The general population offers little support for the long-term effort to ensure that Iraq remains a client state with only nominal sovereignty and a base for other US actions in the region. Those commitments have only a very shallow popular support and that's more of a reason for the objections, the uneasiness about policy, than the number of casualties.
The trial [of Saddam Hussein] ought to be under some kind of international auspices that have some degree of credibility, so not something which is obviously victor's justice, which, no matter how much of a monster one is, doesn't carry credibility.
So first of all there's a matter of form, but also there's a matter of content. The trial should bring to the bar of justice his associates, those who gave decisive and substantial support for him right through his worst atrocities, long after the war with Iran. Again in 1991 when he crushed the rebellions viciously - the rebellions that might well have overthrown him. All of those people should be brought to justice. They're not all equally culpable but they were all critically involved - that includes European countries right through the 80s, including Russia and France, Germany and others, it includes, crucially, the United States and Britain all the way through, including 1991.

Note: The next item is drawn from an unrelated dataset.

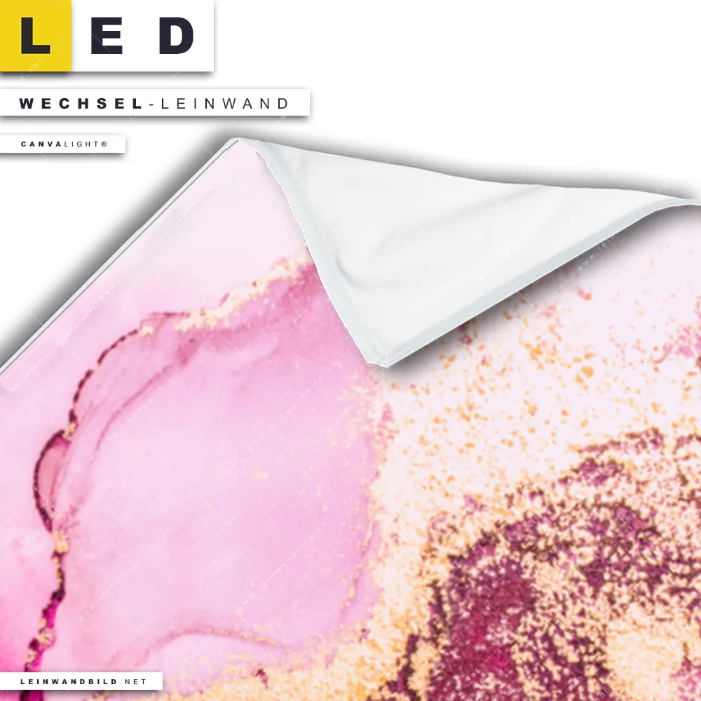 Dann sollte die Wechsel-Leinwand Canvalight® TEX | Luxury Abstract Fluid Art No. 7 | Panorama den Weg zu Dir finden. Die Austausch-Leinwand Marmordesign pink-gold - passend für unsere stufenlos dimmbaren, steckerfertigen Leinwandbilder im LED Leuchtrahmen mit Fernbedienung und optionaler Farbtemperatursteuerung - fügt sich als Eye-Catcher harmonisch in jedes Arzt - Praxis, Büro - Kanzlei, Wohnzimmer - Schlafzimmer, Bar - Gastronomie, Friseur - Beauty Raumkonzept ein.

They should also bring to justice those who were responsible for the murderous sanction regime which surely led to the deaths of hundreds of thousands of Iraqis and devastated the society so completely that they could not carry out what has happened elsewhere, where the US and Britain supported comparable monsters - namely, they were overthrown from within.
It seems not unlikely that the same might have happened in Iraq had the society not been devastated and had people not been compelled by the sanctions to rely on the tyrant for mere survival. Actually there's even more evidence of that coming out today as it's been revealed in the Kay investigation and others how fragile the hold on power was at the end.
So anyone who contributed to Saddam Hussein's atrocities to whatever they degree they did, they're culpable as well and in some fashion an honest trial should deal with that.